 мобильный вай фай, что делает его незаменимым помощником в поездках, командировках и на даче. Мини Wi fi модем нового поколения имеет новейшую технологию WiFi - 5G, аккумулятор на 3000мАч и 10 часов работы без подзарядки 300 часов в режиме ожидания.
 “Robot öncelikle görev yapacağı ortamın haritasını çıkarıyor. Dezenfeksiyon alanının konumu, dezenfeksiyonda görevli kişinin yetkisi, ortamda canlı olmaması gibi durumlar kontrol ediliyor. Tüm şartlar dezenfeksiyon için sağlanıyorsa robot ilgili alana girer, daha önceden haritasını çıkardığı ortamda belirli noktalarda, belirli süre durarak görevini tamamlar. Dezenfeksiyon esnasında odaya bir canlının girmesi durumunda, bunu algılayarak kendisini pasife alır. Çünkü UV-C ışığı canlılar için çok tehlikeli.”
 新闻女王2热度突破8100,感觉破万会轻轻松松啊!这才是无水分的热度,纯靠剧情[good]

- - - - - - -

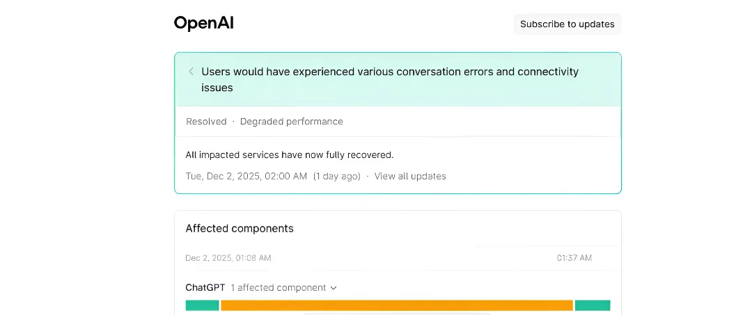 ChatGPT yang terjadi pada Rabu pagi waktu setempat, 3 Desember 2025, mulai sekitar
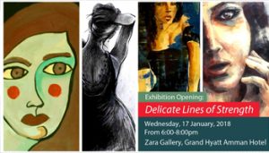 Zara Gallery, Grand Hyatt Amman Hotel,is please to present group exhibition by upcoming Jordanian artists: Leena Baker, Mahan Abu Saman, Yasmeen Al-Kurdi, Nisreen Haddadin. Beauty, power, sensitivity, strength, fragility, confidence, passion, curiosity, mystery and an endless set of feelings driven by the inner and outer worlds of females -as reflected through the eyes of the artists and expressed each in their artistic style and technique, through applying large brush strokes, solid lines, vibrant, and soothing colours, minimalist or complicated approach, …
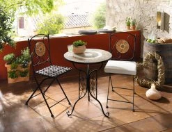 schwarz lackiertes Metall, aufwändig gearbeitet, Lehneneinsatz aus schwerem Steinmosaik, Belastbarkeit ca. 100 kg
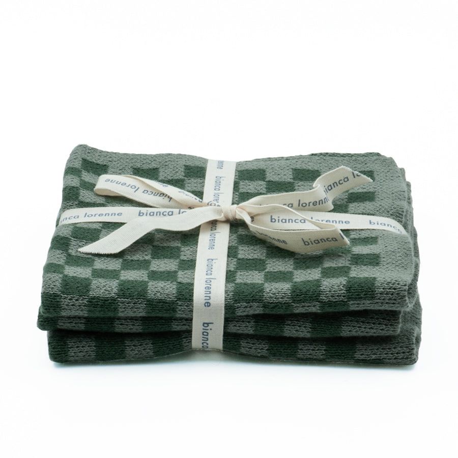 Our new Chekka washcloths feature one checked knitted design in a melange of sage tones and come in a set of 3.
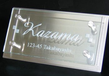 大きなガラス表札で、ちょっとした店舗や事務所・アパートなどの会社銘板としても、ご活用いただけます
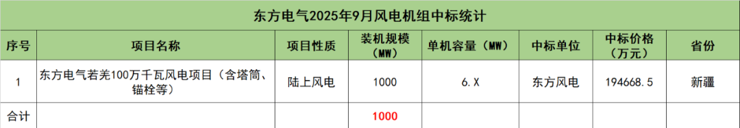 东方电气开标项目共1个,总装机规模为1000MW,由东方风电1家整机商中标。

- - - - - - -

Task description:
All lines above from the one containing "мобильный вай фай, что" to the one containing "新闻女王2热度突破8100,感觉破万会轻" must be repeated exactly, both lines included, and no others.

Finished exercise:
 мобильный вай фай, что делает его незаменимым помощником в поездках, командировках и на даче. Мини Wi fi модем нового поколения имеет новейшую технологию WiFi - 5G, аккумулятор на 3000мАч и 10 часов работы без подзарядки 300 часов в режиме ожидания.
 “Robot öncelikle görev yapacağı ortamın haritasını çıkarıyor. Dezenfeksiyon alanının konumu, dezenfeksiyonda görevli kişinin yetkisi, ortamda canlı olmaması gibi durumlar kontrol ediliyor. Tüm şartlar dezenfeksiyon için sağlanıyorsa robot ilgili alana girer, daha önceden haritasını çıkardığı ortamda belirli noktalarda, belirli süre durarak görevini tamamlar. Dezenfeksiyon esnasında odaya bir canlının girmesi durumunda, bunu algılayarak kendisini pasife alır. Çünkü UV-C ışığı canlılar için çok tehlikeli.”
 新闻女王2热度突破8100,感觉破万会轻轻松松啊!这才是无水分的热度,纯靠剧情[good]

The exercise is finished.